Individual-referenced tests also cannot be separated from what other people know. The differences between individuals actually clarifies the matter under test.  In other words, the construct validity of a test is dependent on some people doing well and others doing less well, for if everybody did equally well, we would have little idea of what we were testing. That is the norm-referenced view, which is based on the notion that differences in nature, of which human abilities are a part, is distributed as a bell-curve. In what can be regarded as a key quotation in the defence of psychometrics in this study, Rowntree explains the importance of group statistics, i.e. norm-referenced tests, in assessment:

Consider a test whose results we are to interpret by comparison with criteria. To do so we must already have decided on a standard of performance and we will regard students who attain it as being significantly different from those who do not…The question is: How do we establish the criterion level? What is to count as the standard? Naturally, we can’t wait to see how students actually do and base our criterion on the average performance of the present group: this would be to go over into blatant norm-referencing. So suppose we base our criterion on what seems reasonable  in the light of past experience? Naturally, if the criterion is to be reasonable, this experience must be of similar groups of students in the  past. Knowing what has been achieved in the past will help us avoid setting the criteria inordinately high or low. But isn’t this very close to norm-referencing? It would even be closer if we were to base the criterion not just on that of previous students but on students in general.[56]

What we think is going on in each individual’s invisible mind, can be scientifically inferred and described only when one has some idea of what is going on in a many individual minds, i.e. what is going on in a group. Emphasising the individual over the group or vice versa is “somewhat metaphysical [because both] types of test sampling (for that is what norm and criterion referencing do: they sample) need one another”.[57]Recall the two meanings of “norm” discussed earlier:“norm” can refer to a criterion (!) such as Standard English or to the comparison between individuals within a group.The latter is the concern of norm-referenced tests.

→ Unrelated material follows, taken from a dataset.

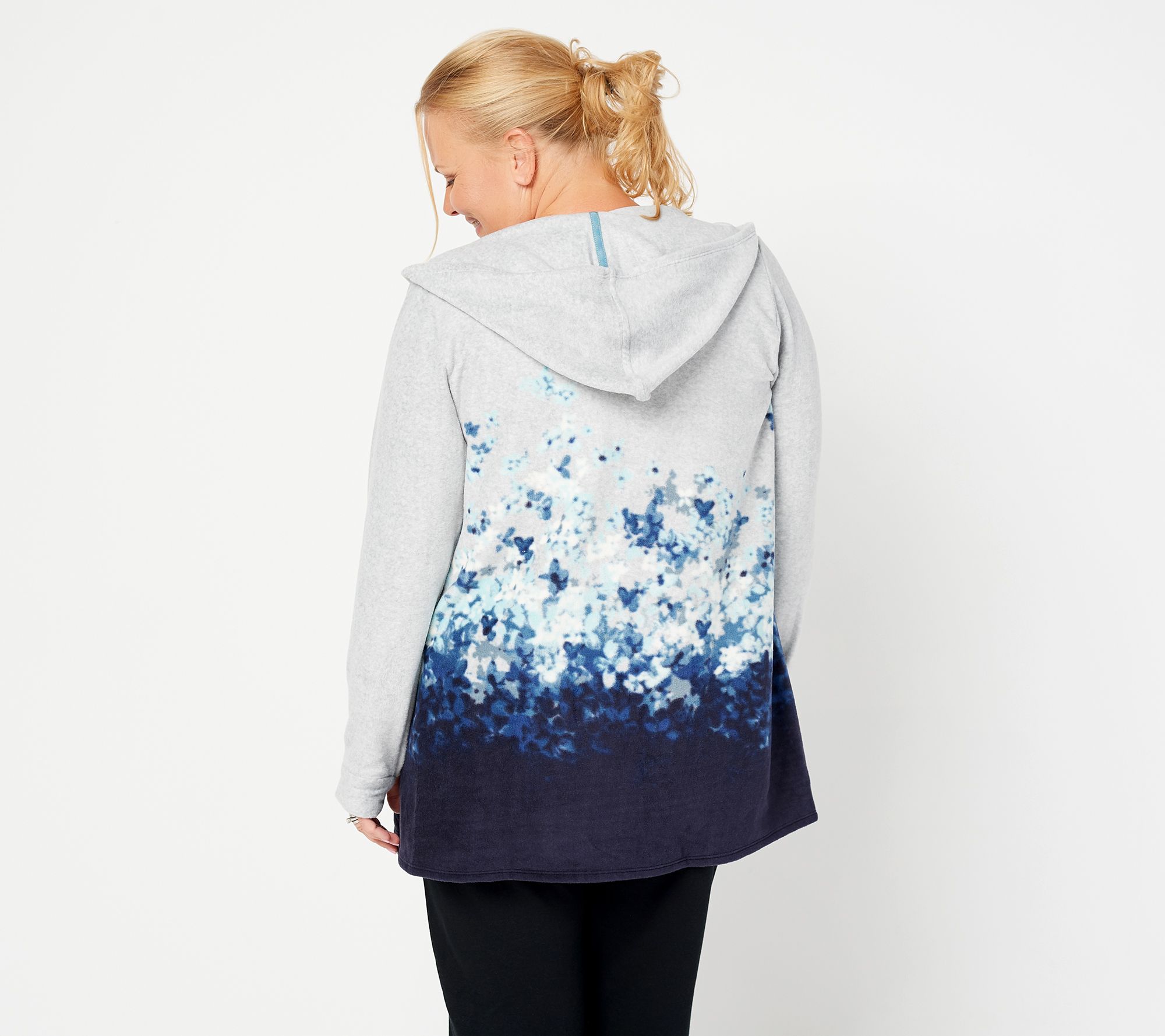 • Features: floral dip-dye design, hood, patch pockets, thumbholes
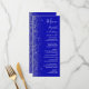 El lado izquierdo de este elegante y moderno menú boda presenta un diseño purpurina de imitación plateada. El texto del personalizable combina la escritura a mano en blanco, la copperplate y las letras cursivas en un fondo azul real. El reverso presenta un diseño de purpurina azul real y plateado a juego.

Ranking individuals and generating scores is only one purpose of norm-referenced tests; another purpose is to gain understanding into the nature of the constructs under examination, which cannot be achieved if an individual is not compared with what other individuals do.  (I elaborate on the  complementary role of norm-referenced and criterion-referenced tests in the discussion of the inadequacies of correlational data in section 4.7).

1.3  Summative assessment

There are different kinds of assessment and a diversity of definitions. I  discuss the descriptions of Rea[58] and Rowntree.[59]

TABLE  1.1

Rea’s Schema of Assessment


Formative Assessment     Summative Assessment
Quantitative Methods Assessment                                  Evaluation
Qualitative Methods Appraisal

Rea[60] uses the term “evaluation” to refer to formal testing activities, which are external to the teaching situation, and which involve “test scores”. She uses the terms “assessment” and “appraisal” to refer to activities which are internal to the teaching program. Grades are given for assessment but not for appraisal. In Rea’s scheme, assessment and evaluation both use  measurement, i.e. quantitative methods, while appraisal does not.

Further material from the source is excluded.